Required action:
Your task is to transcribe the lines from the start of the data below through the line containing "INGREDIËNTEN: Tarwemeel, barbecuesaus", inclusive, exactly as they stand and without the pictures.

The data:
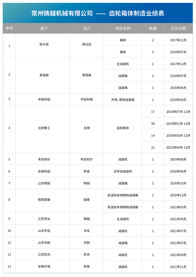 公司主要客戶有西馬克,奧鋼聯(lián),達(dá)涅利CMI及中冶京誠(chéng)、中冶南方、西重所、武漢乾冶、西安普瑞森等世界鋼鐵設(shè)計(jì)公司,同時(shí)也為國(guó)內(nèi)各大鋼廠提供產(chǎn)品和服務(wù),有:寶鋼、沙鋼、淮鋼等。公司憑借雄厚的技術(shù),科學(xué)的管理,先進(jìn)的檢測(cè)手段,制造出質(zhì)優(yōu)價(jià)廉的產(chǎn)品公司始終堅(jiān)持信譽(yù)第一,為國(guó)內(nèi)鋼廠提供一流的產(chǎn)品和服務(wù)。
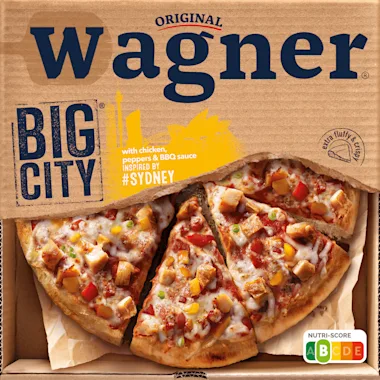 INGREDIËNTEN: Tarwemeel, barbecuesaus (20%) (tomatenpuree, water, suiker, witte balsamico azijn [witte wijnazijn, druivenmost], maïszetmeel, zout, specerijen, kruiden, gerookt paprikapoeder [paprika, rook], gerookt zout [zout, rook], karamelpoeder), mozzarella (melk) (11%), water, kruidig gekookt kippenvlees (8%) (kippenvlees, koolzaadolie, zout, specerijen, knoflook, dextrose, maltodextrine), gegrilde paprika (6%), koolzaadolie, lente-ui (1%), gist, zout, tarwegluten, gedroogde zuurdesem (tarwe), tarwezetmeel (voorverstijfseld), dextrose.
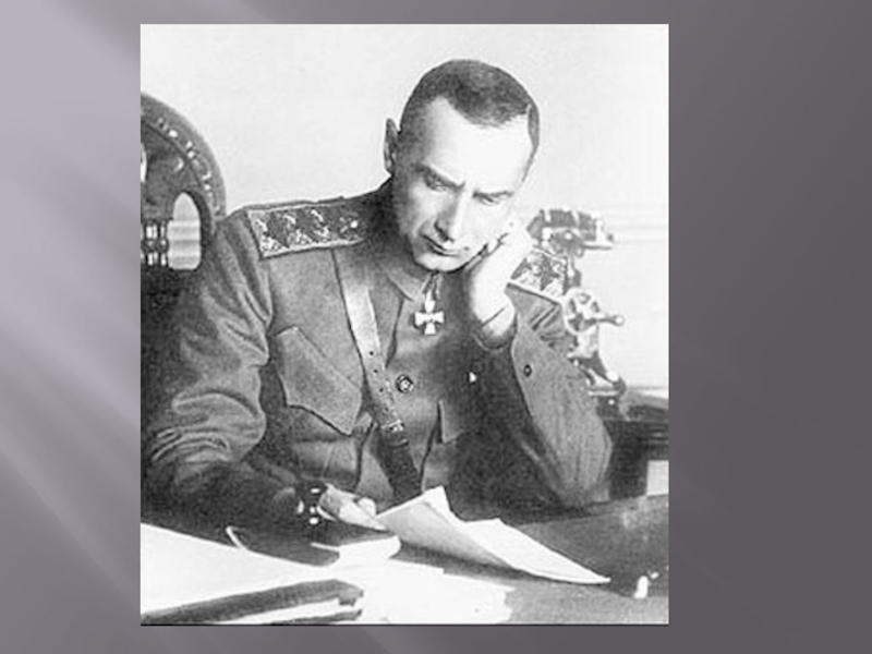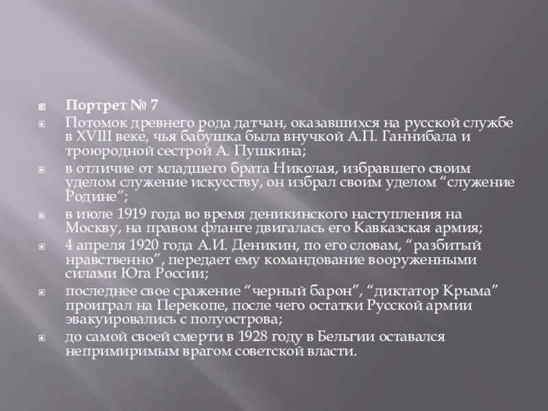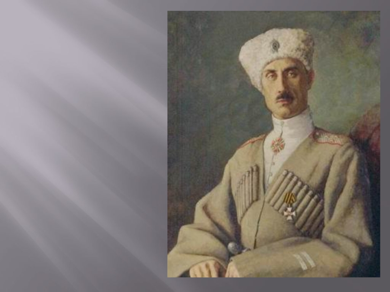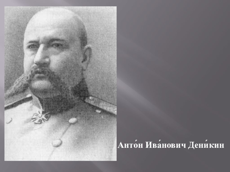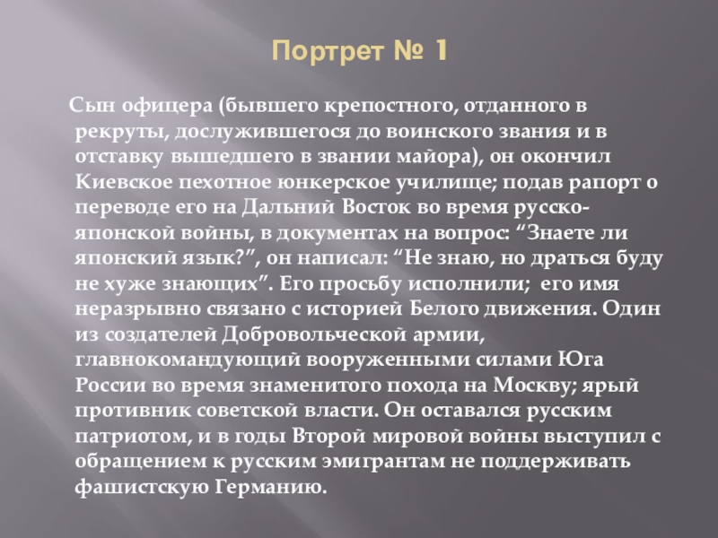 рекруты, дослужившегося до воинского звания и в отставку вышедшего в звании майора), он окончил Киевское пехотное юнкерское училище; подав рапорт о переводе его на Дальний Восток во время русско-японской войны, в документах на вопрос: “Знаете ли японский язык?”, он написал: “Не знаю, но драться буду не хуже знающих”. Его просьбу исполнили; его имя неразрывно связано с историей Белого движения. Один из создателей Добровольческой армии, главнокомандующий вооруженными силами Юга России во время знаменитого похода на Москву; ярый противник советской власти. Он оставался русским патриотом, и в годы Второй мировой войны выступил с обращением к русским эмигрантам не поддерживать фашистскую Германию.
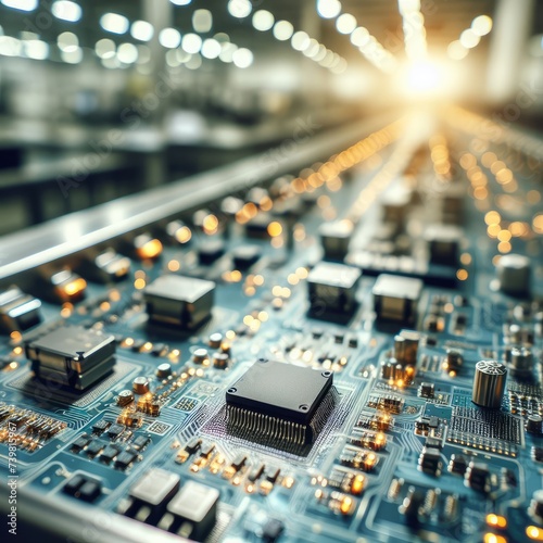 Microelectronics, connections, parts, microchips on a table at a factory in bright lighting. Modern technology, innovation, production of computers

Answer to this exercise:
 公司主要客戶有西馬克,奧鋼聯(lián),達(dá)涅利CMI及中冶京誠(chéng)、中冶南方、西重所、武漢乾冶、西安普瑞森等世界鋼鐵設(shè)計(jì)公司,同時(shí)也為國(guó)內(nèi)各大鋼廠提供產(chǎn)品和服務(wù),有:寶鋼、沙鋼、淮鋼等。公司憑借雄厚的技術(shù),科學(xué)的管理,先進(jìn)的檢測(cè)手段,制造出質(zhì)優(yōu)價(jià)廉的產(chǎn)品公司始終堅(jiān)持信譽(yù)第一,為國(guó)內(nèi)鋼廠提供一流的產(chǎn)品和服務(wù)。
 INGREDIËNTEN: Tarwemeel, barbecuesaus (20%) (tomatenpuree, water, suiker, witte balsamico azijn [witte wijnazijn, druivenmost], maïszetmeel, zout, specerijen, kruiden, gerookt paprikapoeder [paprika, rook], gerookt zout [zout, rook], karamelpoeder), mozzarella (melk) (11%), water, kruidig gekookt kippenvlees (8%) (kippenvlees, koolzaadolie, zout, specerijen, knoflook, dextrose, maltodextrine), gegrilde paprika (6%), koolzaadolie, lente-ui (1%), gist, zout, tarwegluten, gedroogde zuurdesem (tarwe), tarwezetmeel (voorverstijfseld), dextrose.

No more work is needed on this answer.